It Wasn’t Sunil Tripathi: The Anatomy of a Misinformation Disaster – Alexis C. Madrigal – The Atlantic

It Wasn’t Sunil Tripathi: The Anatomy of a Misinformation Disaster – Alexis C. Madrigal – The Atlantic:

dduane:

The problem here? A lot of these people think they’re Sherlock Holmes. And none of them are.

Well, the problem is that they’re people, and people are good at finding evidence for things they want to believe. People who are heavily invested in the idea that Twitter and Reddit are superior sources of news information found (or invented) confirmatory evidence of that, and the community of people who have self-assembled around that idea grabbed that information and amplified it.

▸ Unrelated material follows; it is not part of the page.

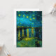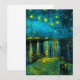 Cartão com a pintura a óleo Noite Estrelada sobre o Ródano (1888) de Vincent van Gogh. Estrelas amarelas brilhantes decoram o céu noturno azul enquanto um casal passeia pela margem de um rio em Arles. Um presente perfeito para fãs do Pós-Impressionismo e da arte holandesa.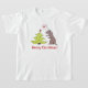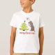 Customizable funny Christmas kid shirt with an illustration of a cute cartoon dinosaur looking at the Christmas tree and wondering why there is a heart on top of it.

Confirmation bias is real and measurable, and everyone is prone to it. It’s baked into how our brains have evolved. It’s not just that “a lot of these people” think they’re Sherlock Holmes, and are wrong about that. It’s that everyone thinks they’re Sherlock Holmes, and are wrong about that.

The professional ethics that used to exist in the old-school news media to counter that sort of bias seem to have been eroding at a rapid clip, and maybe the pressure put on them by the spread of information technology to the great unwashed is part of the picture. But it’s not just a few rogue redditors’ Sherlockian delusions that are to blame. It’s all of us.